Cuando el ecologista ya no es el tonto del pueblo

ecologista

Por Yasmín Tárraga

Ya han pasado casi treinta años desde que el informe Brundtland definió el Desarrollo sostenible como aquel que permite satisfacer las necesidades de las generaciones presentes sin comprometer las posibilidades de las generaciones del futuro para atender sus propias necesidades. Una forma de progresar que ya entonces urgía enmarcar en el contexto económico y social del desarrollo humano. Pero a ti eso de Brudtland no te suena mucho y el término Desarrollo sostenible no te importa en absoluto.
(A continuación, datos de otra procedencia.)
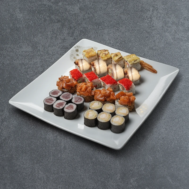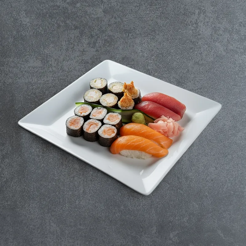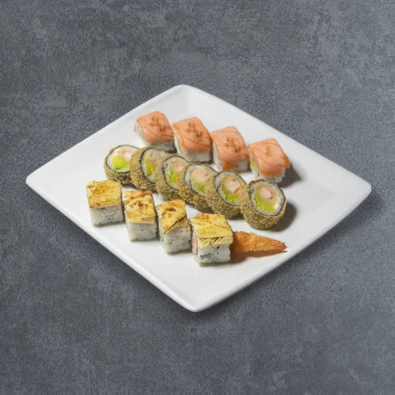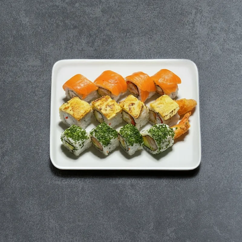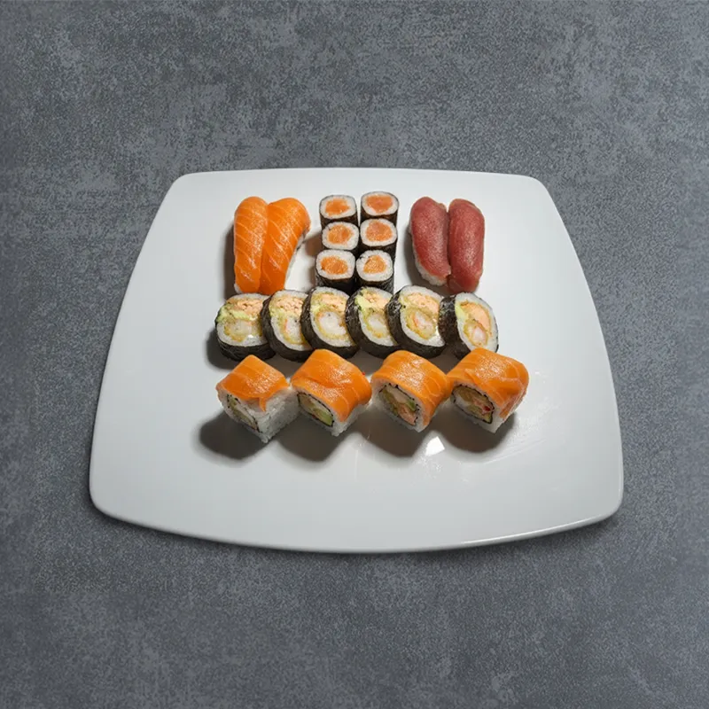 Futomaki crevette, Califronia ebi saumon, Maki saumon, Nigiri thon, Nigiri saumon
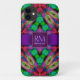 Psychedelischer Batik der psychedelischen Case-Mate-der Abdeckung | des Batik-Monogramm-iPhone4 gefärbten Krawatte bunten inspirierte geometrische Kunst mit tiefpurpurnem Satinband für Monogramminitialen/kundenspezifischen Text
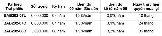 Từ ngày 07/10/2024, Ngân hàng TMCP Bắc Á (BAC A BANK) chính thức chào bán 15 triệu trái phiếu phát hành ra công chúng Lần 2 – Đợt 2, với tổng giá trị chào bán 1.500 tỷ đồng. Sản phẩm Trái phiếu Ngân hàng TMCP Bắc Á phát hành ra công chúng Lần 2 - Đợt 2 được áp dụng mức lãi suất cao hơn mức lãi suất tiền gửi cá nhân thông thường kỳ hạn 12 tháng, với biên độ tối đa lên tới 1,9%/năm; các nhà đầu tư cá nhân cũng như các tổ chức có thể dễ dàng sở hữu khoản đầu tư chỉ lần lượt từ 50.000.000 VND và 100.000.000 VND. Tại đợt phát hành này, Trái phiếu BAC A BANK có mệnh giá 100.000VND /trái phiếu; được trả lãi định kỳ 12 tháng/ lần; gồm hai kỳ hạn 07 năm và 08 năm. Thời gian dự kiến mua lại trái phiếu chỉ sau 18 tháng, 24 tháng và 36 tháng kể từ ngày phát hành, tương ứng với từng ký hiệu trái phiếu.
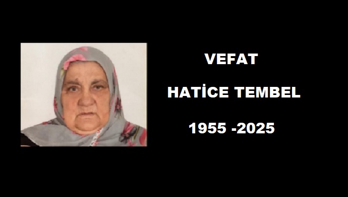 Cemil, Zeynep, Leyla ve Murat’ın annesi. Merhum Mustafa Tembel’in eşi, HATİCE TEMBEL 23 Aralık 2025 salı günü sabah saatlerinde tedavi gördüğü Çankırı devlet hastanesinde 70 yaşında vefat etmiştir. Cenazesi 24 Aralık 2025 Çarşamba günü öğle namazına müteakip köyümüzde toprağa verilecektir. Merhumeye Cenab-ı Allah’tan rahmet, yakınlarına başsağlığı ve sabırlar diliyoruz.
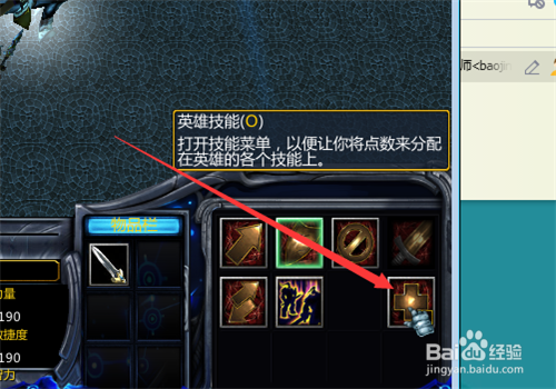 之后就需要去练功房升级、打金币了。再此之前,先来看看技能,点击英雄,在右下角框内,点击红色十字,就可以看到技能列表了。

Y si además te hablo de medio ambiente, apaga y vámonos. Bastantes cosas tienes ya en la cabeza.

A ti no te preocupa el medio ambiente. Para nada, eso es cosa de raritos. Tú prefieres vivir sin angustiarte por las consecuencias de tus actos, como si no tuvieses nada que ver con este planeta. Como si la Tierra estuviese a tu disposición y todos los recursos fueran inagotables. Sin preocuparte por el aire que respiras. Sin preguntarte a dónde va a parar toda la basura que generamos. Porque claro, tú no puedes hacer nada. Estás convencido de que si de verdad nos estamos cargando el mundo, la solución la tienen los gobiernos. De que eso del cambio climático no son más que exageraciones. De que de todos estos problemas es mejor que se encarguen otros.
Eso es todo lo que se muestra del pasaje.